Ovary becomes the fruit. Ovary is part of the carpel and the carpel is derived from a folded leaf, a leaf that in ancestral gymnosperms supported exposed, naked ovules (as occur in cycads and other gymnosperms today). The carpel and the flower in general are thought to be largely responsible for the success angiosperms enjoy today (250,000 extant species compared to a mere 1,000 extant gymnosperms). The flower (especially the carpel) provides for:

Greater possibilities for pollen transfer thus increasing plants ability to reproduce sexually (co-evolution with animals as pollinators has lead to greater pollination rates with less pollen production)
Greater possibilities for seed dispersal. Carpel tissue has produced a large variety of fruit types, each adapted for seed dispersal. Some dispersal agents for which fruits are adapted include wind, water, gravity, animal (including fleshy fruits eaten while viable seed passes through the animal gut and fruits that cling to animal fur).

Asexual Reproduction

Natural Vegetative Reproduction

Plants reproduce asexually by producing specialized fragments that can grow into new individuals that are genetic clones of the parent. This type of asexual reproduction via fragmentation is nicely illustrated by the mother-of-thousands or maternity plant (plant shown in class).

Man-induced Vegetative Propagation

Humans also create plant fragments in propagating ornamentals and garden plants such as tomatoes. A shoot cutting can be rooted and in some plants even fragments from leaves can be rooted to produce genetic clones of the original plant. Other variations on the theme of fragmentation include natural shoot sprouts from underground roots (see black locust and sassafras trees) and the biotechnological practice of plant tissue culture (see fig. 39.11).

Plant Tissue Culture

In Plant Tissue Culture (Test-Tube Cloning) a one-to few-celled fragment of tissue is excised from the plant to be cloned.
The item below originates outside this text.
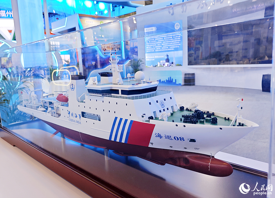Photo shows a model of the Haixun 08, China's first, largest and most advanced self-designed surveying ship, being exhibited at the China Marine Equipment Expo 2023 in Fuzhou, southeast China's Fujian Province. (People's Daily Online/Huang Dongyi)
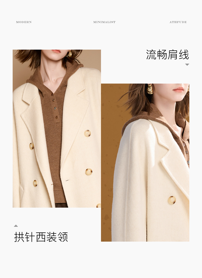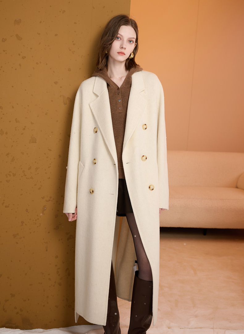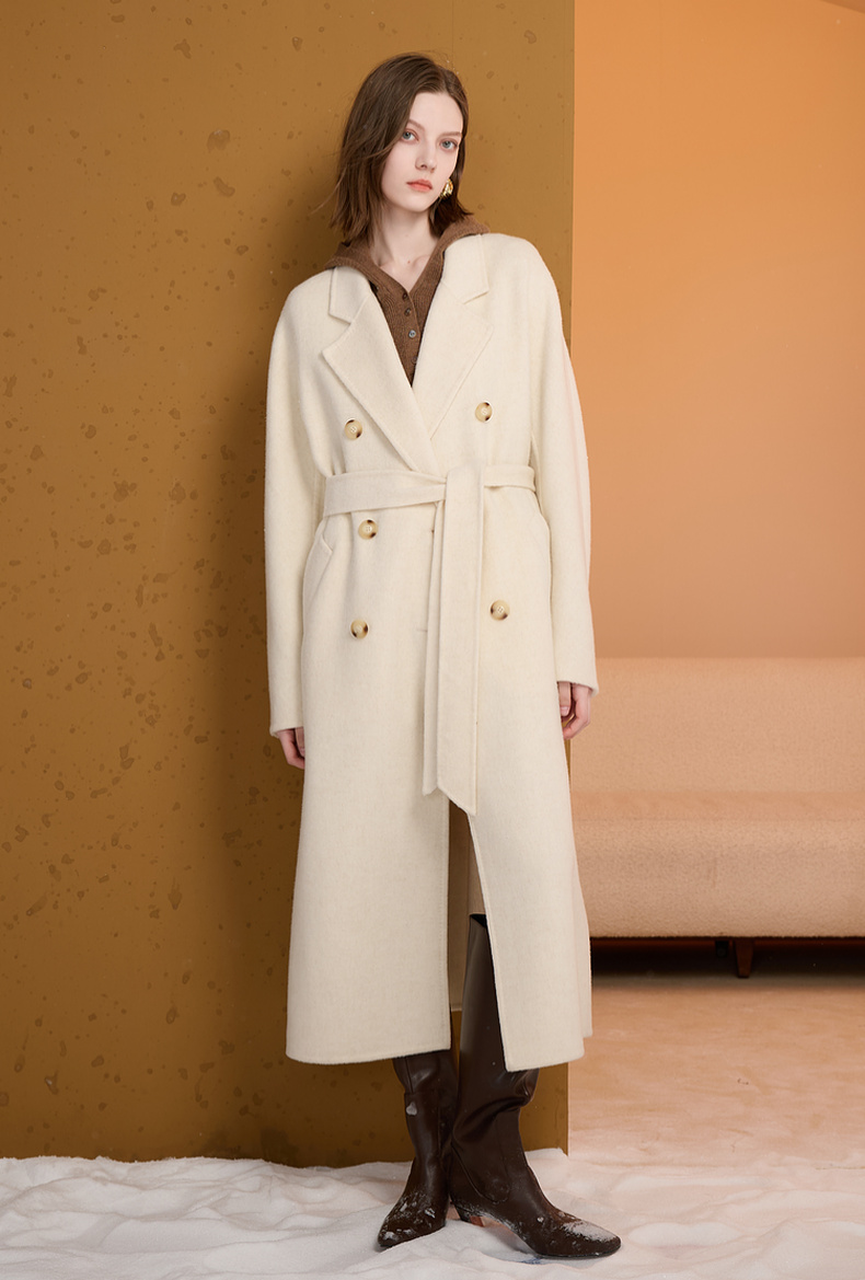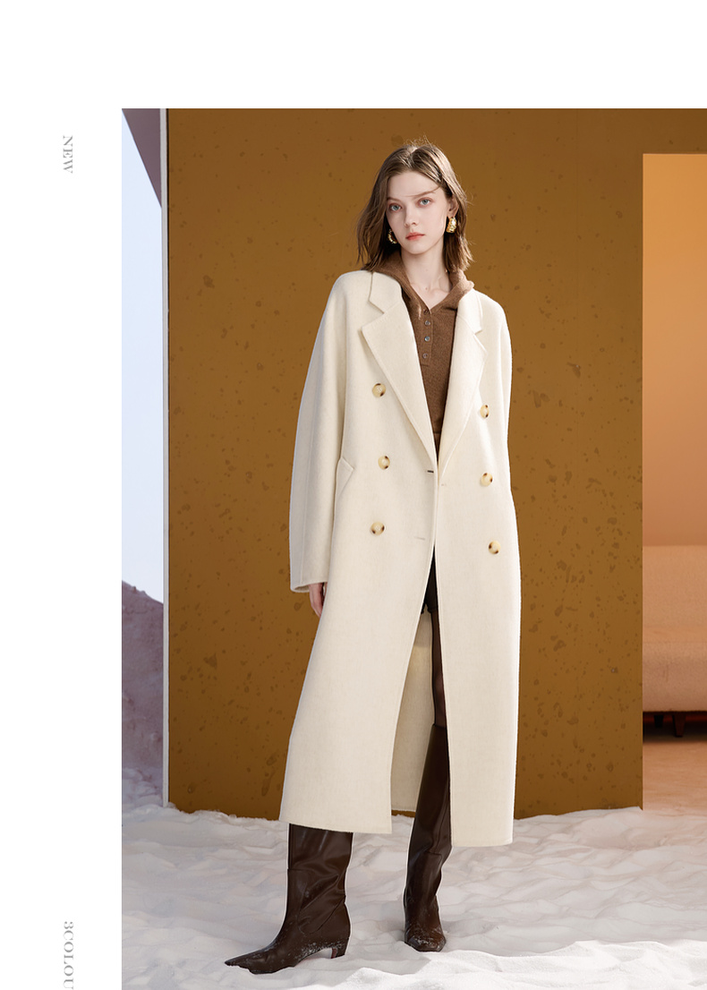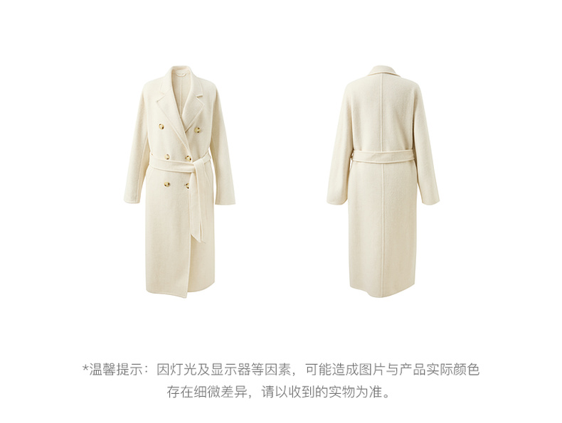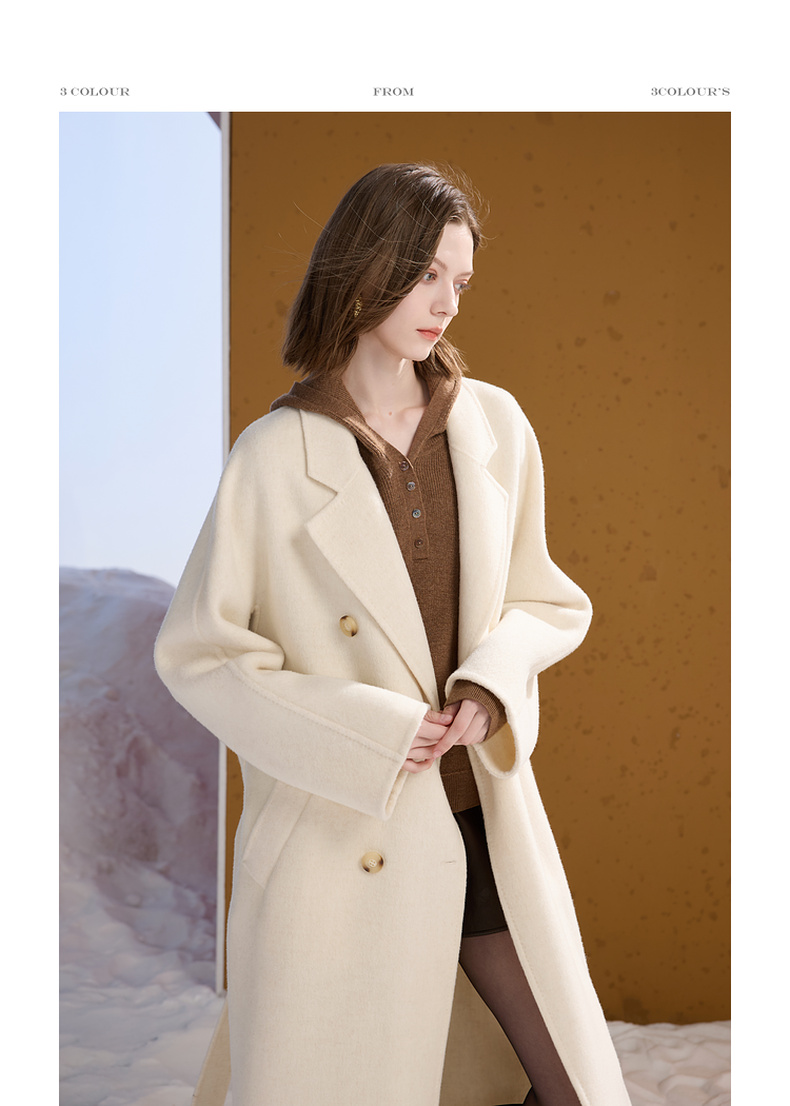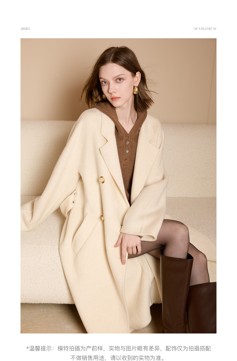 【100绵羊毛】三彩2025冬季新款双面呢大衣毛呢外套长款S

Placed in the appropriate sterile media the cells will grow a new plant, literally in a test-tube (see fig. 39.11). The benefits of Plant Tissue Culture include:

Produces 1000’s of clones from one individual
Clone plants that will not root from cuttings
Essential to plant genetic engineering where selected gene(s) may be transferred from one species to another. Many transgenic (having genes from another species) lines of agriculture crop plants have been developed. Transgenic cotton, corn, and potatoes are commonly planted today that have genes from bacteria empowering them to produce a chemical toxic to herbivores.